Back in the old days, he was a child raised in the Church, the right hand of the priests. He attended to all the jobs that were to be done and was always the first to get to the services. He knew the psalms and prayers by heart, and served with reverence in the altar at every liturgy.
He really enjoyed singing. Sometimes he’d make his way to the choir stall, with the singers, and wanted very much to sing to God.
But they kicked him out: the boy had a tin ear. So much so that they didn’t even know what he thought he was singing. They couldn’t bear to listen to him. They used to say to him: ‘Romanos, do whatever else you want, just don’t join in with the singing’.
One evening, in the church of Our Lady, where there was a wonder-working icon of the Mother of God, Romanos fell to his knees. With tears in his eyes he begged the Queen of the Heavens to give him the gift of singing sweetly.
Christmas Eve: the church of Our Lady was packed. And right next to the choir stall, there was Romanos, silent and humble. He didn’t dare open his mouth to join in the singing. They’d all poke fun at him, laugh at him and tell him to stop.

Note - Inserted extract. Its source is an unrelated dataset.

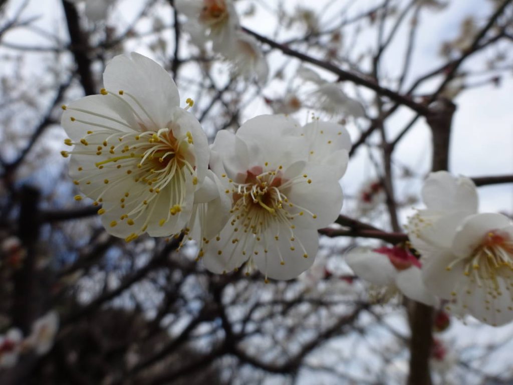 城山に向かっていると、ところどころに白梅が咲いてた・・もう春・・

He turned his eyes to the icon. Prayed silently. As he was praying, the boy fell into a light sleep and he had a wonderful dream. He later said that the Mother of God herself came out from her icon and moved towards him. She was holding a kontakio, a rod, (something like a rolling-pin) around which they rolled the texts of the hymns and psalms. She gave it to Romanos and told him to swallow it. He did so and woke up at once.
He took heart and went to stand next to the choir-master, who’d opened the page for the hymn to the Virgin. Romanos took a deep breath and began to sing, just as he’d always wanted to, with an amazing melody: ‘Today the Virgin gives birth…’.
The domes of the church resonated. The bell-towers reverberated and Romanos the Melodious, who until just then had been a tone-deaf boy, praised Our Lady the Mother of God for his gift. Romanos wrote more than a thousand hymns for the saints and the Mother of God. The Church called them kontakia (rolling-pins) in order for us to remember the miracle of young Romanos, the nightingale of Orthodoxy. We celebrate his feast-day on 1 October.